## Prompt:
Only the lines from the one containing "рельефный хрустальный плафон" through the last line of the material should be copied, exactly as written and without pictures.

## Collected material:
=== Section Start ===

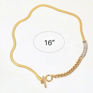 NWT 18K Gold Plated CZ Links Herringbone Chain Necklace Toggle Clasp
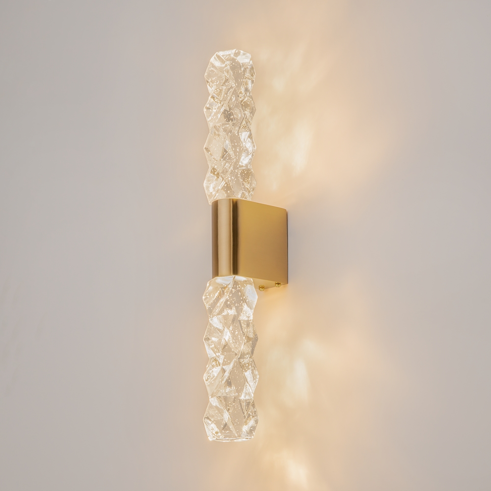 рельефный хрустальный плафон с зигзагообразным орнаментом, который красиво преломляет свет и создаёт на стенах выразительные геометрические световые узоры.
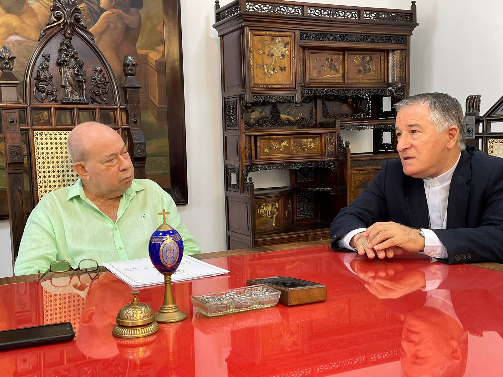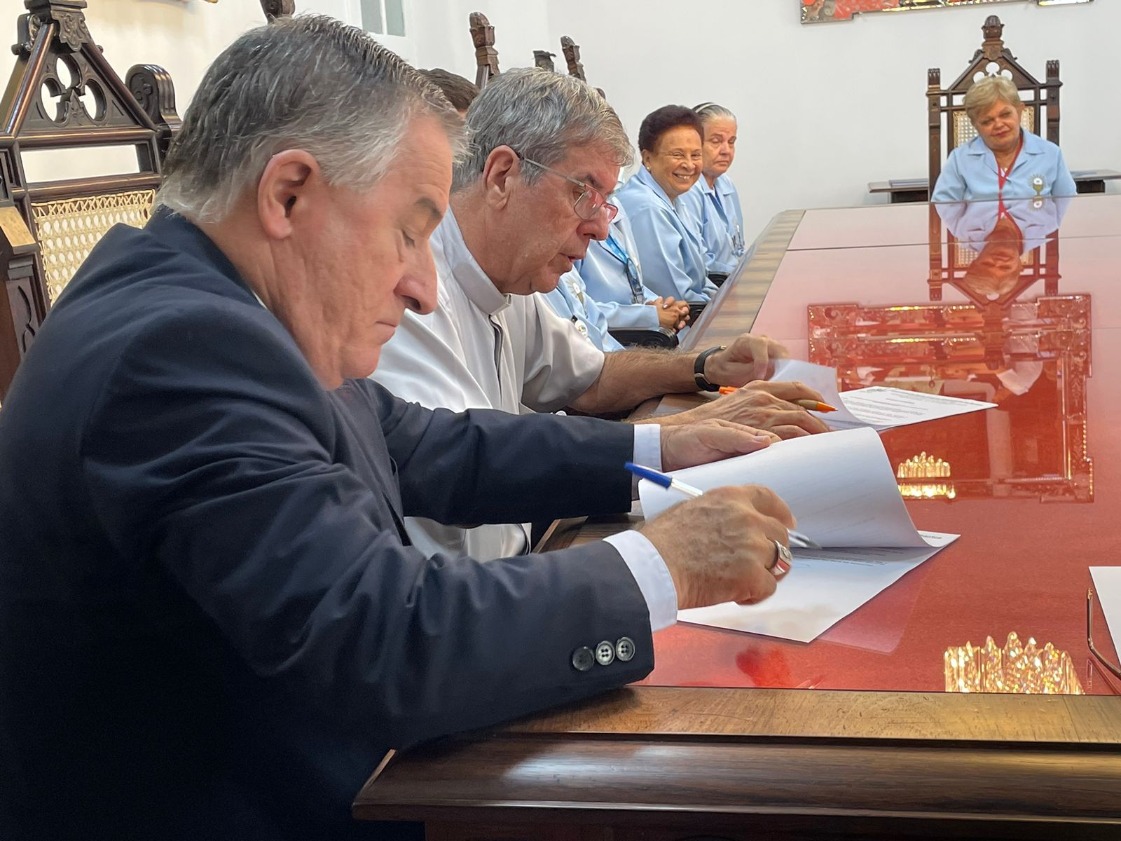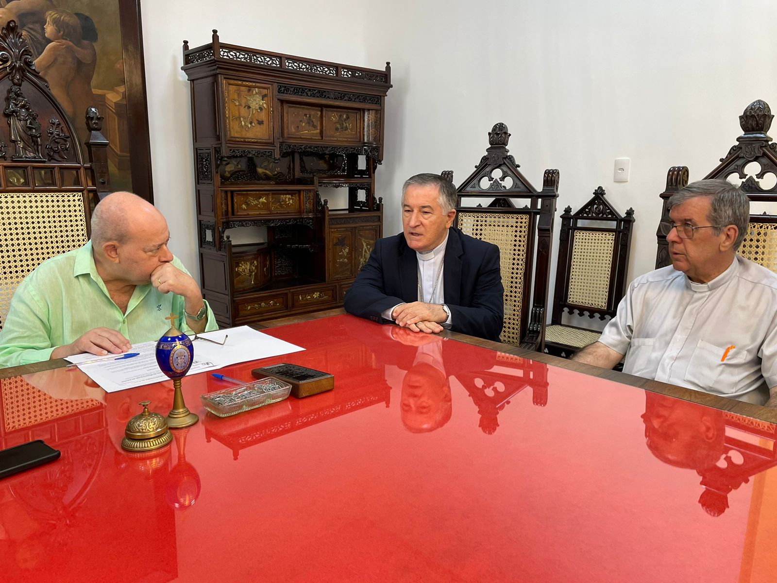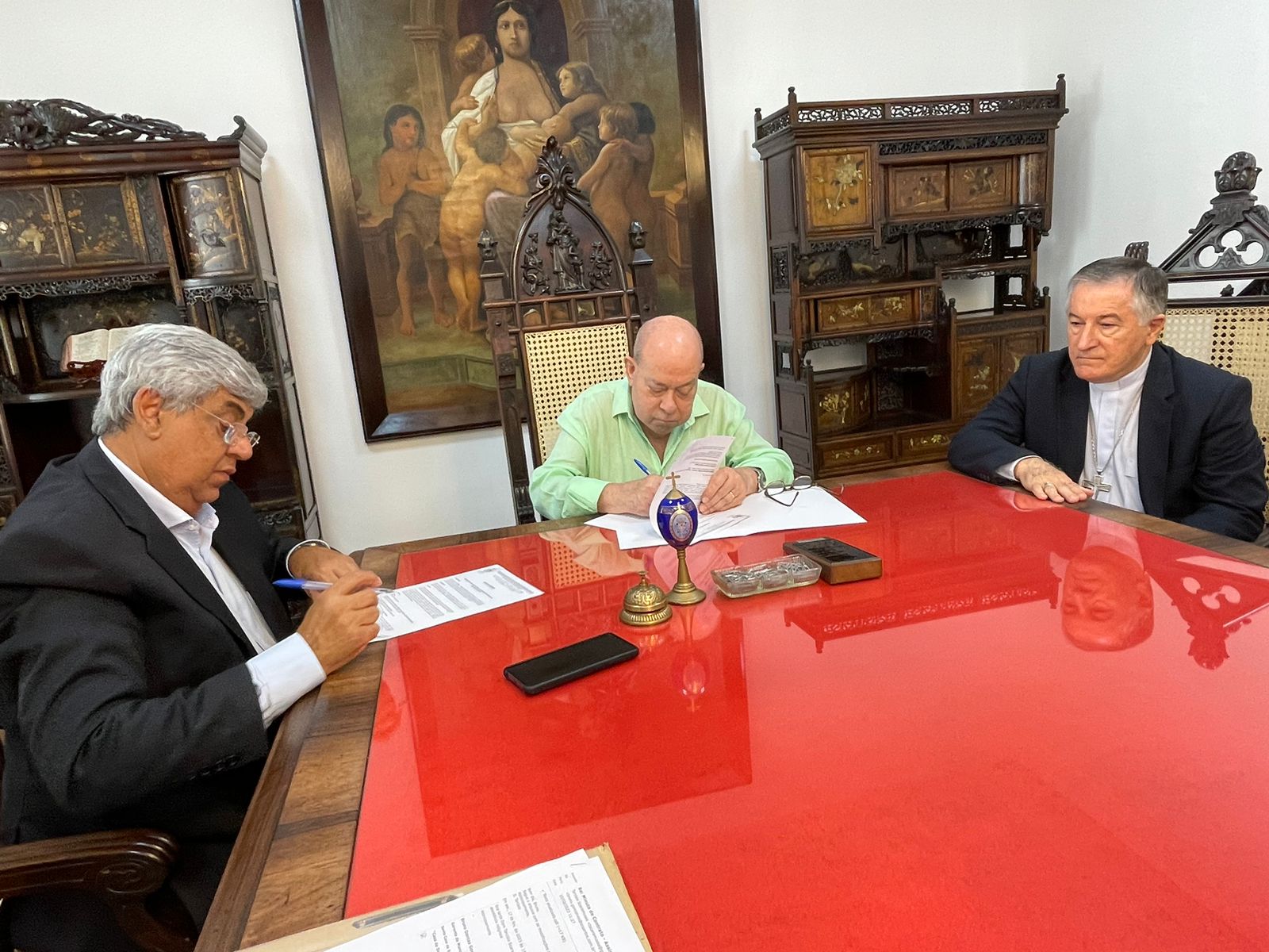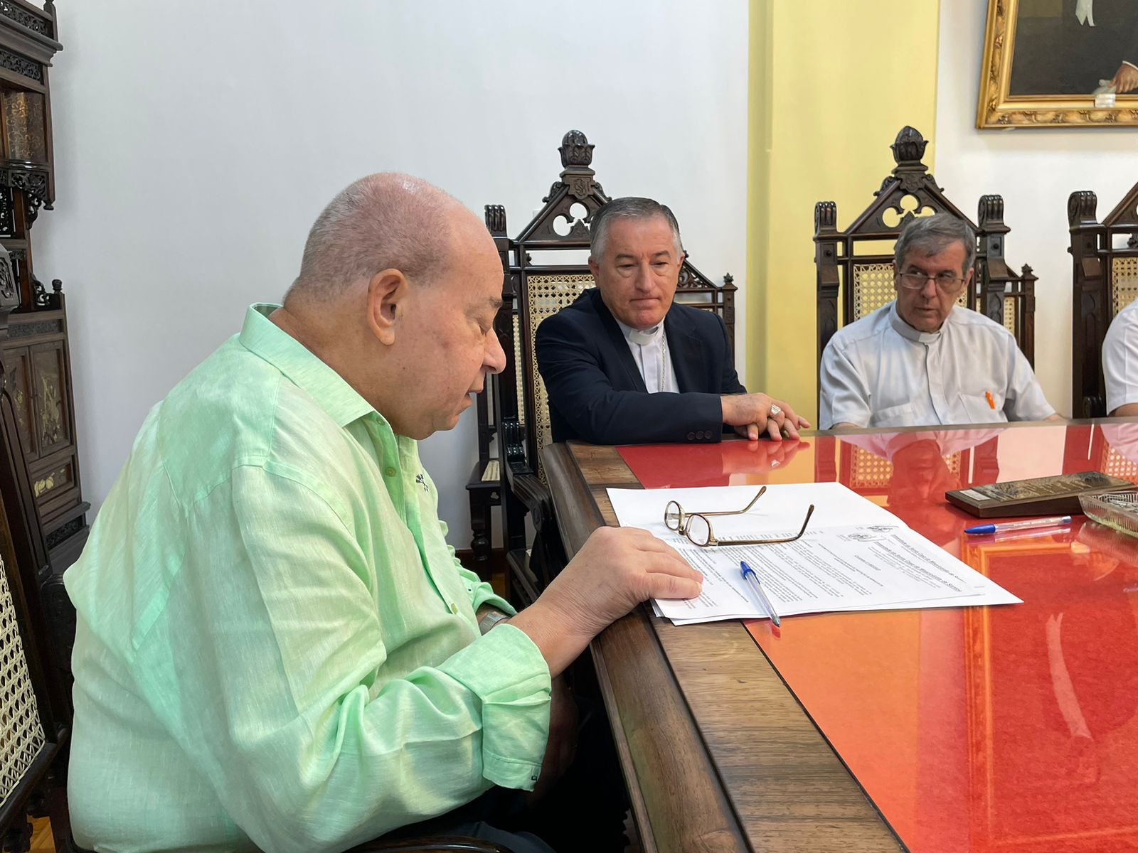 Para formalizar a renovação do contrato, o bispo Dom Tarcísio Scaramuzza esteve na Santa Casa de Santos em reunião com o provedor Ariovaldo Feliciano, na Sala da Mesa Administrativa.

=== Section End ===

## Task result:
 рельефный хрустальный плафон с зигзагообразным орнаментом, который красиво преломляет свет и создаёт на стенах выразительные геометрические световые узоры.
 Para formalizar a renovação do contrato, o bispo Dom Tarcísio Scaramuzza esteve na Santa Casa de Santos em reunião com o provedor Ariovaldo Feliciano, na Sala da Mesa Administrativa.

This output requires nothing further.